А какой чудесный родился малыш! Длинненький, но складный, безупречной
формы голова с хохолком золотистых волос и ярко-синие глаза, такой яркой
синевы, что ясно - цвет их никогда не изменится. И отчего бы ему меняться?
Ведь это глаза Ральфа, и руки у него в точности как у Ральфа, и нос, и рот,
и даже ноги. Бессовестная Мэгги в душе возблагодарила бога за сходство Люка
и Ральфа: как хорошо, что они одинаково сложены, и оба темноволосые, и даже
черты лица похожи. Но вот кисти рук, рисунок бровей, мысок волос на лбу,
даже сейчас ясно очерченный младенческим золотистым пухом, крохотные пальцы
на руках и на ногах - это все от Ральфа, ничего общего с Люком.

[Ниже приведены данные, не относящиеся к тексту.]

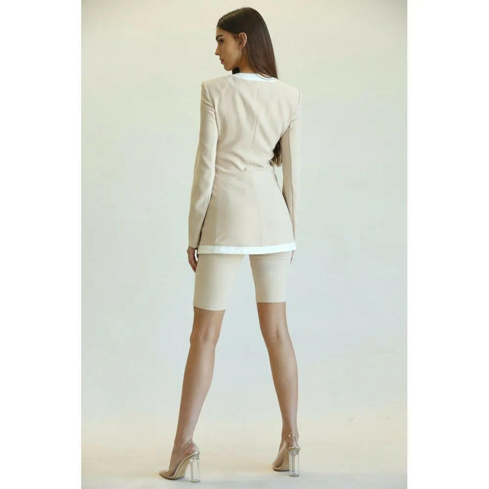 Get ready to rock and roll in the Blazer + Biker Short Set! Made with stretchy, woven fabric, this set features a V-neckline and double-breast button front closure. Keep your essentials close with the welt pocket detail and add some extra edge with the padded shoulders. The white contrast detailing brings the fun and uniqueness of this set to a whole new level. - zipper closure.

Одна
надежда, что никто этого не заметит.
- Ты уже решила, как его назовешь? - спросила Фиа, казалось, малыш сразу
ее очаровал.
Мэгги смотрела, как она стоит с внуком на руках, и в душе радовалась -
наконец-то мама снова сумеет полюбить; наверно, не так, как любила Фрэнка, а
все-таки закаменевшее сердце ее смягчится.
- Я хочу назвать его Дэн.
- Странное имя! Что тебе вздумалось? Или это в О'Нилов? Мне казалось, ты
с О'Нилами покончила?
- Люк тут ни при чем. Это будет только его имя, больше ничье. Терпеть не
могу, когда и дедов, и внуков зовут одинаково. Я Джастину назвала Джастиной
просто потому, что мне понравилось имя, вот и Дэна назову Дэном потому, что
мне так нравится.
- Ну что ж, славное имя, - согласилась Фиа. Мэгги поморщилась - тяжело,
слишком много молока.
- Дай-ка мне его, мама. Надеюсь, он голодный! И надеюсь, старик Непоседа
не забудет привезти отсос, не то тебе придется самой съездить в Джилли.
Он был голодный, он сосал так жадно, что от крохотных настойчивых губ ей
стало больно. А Мэгги смотрела на его сомкнутые веки в темных, золотящихся
по краю ресницах, на пушистые брови, на крохотные деловито двигающиеся щеки
- и чувствовала, что любит его пронзительной любовью, до боли, которая куда
сильней, чем боль от жадно сосущих губ.
Сын - этого довольно; этого должно быть довольно, больше у меня ничего не
будет. Но клянусь Богом, Ральф де Брикассар, клянусь Богом, который тебе
дороже меня, никогда ты не узнаешь, что я украла у тебя и у твоего Бога!
Никогда я не расскажу тебе про Дэна. Маленький мой! Мэгги подвинулась на
подушках, уложила ребенка на руке поудобней, и лучше стало видно точеное
личико. Маленький мой! Ты - мой, и никогда никому я тебя не отдам. Уж во
всяком случае не твоему отцу, ведь он священник и не может тебя признать
сыном. Чудесно, правда?
***
Пароход вошел в генуэзский порт в начале апреля. Архиепископ Ральф прибыл
в Италию в самый разгар пышной южной весны и как раз поспел к поезду на Рим.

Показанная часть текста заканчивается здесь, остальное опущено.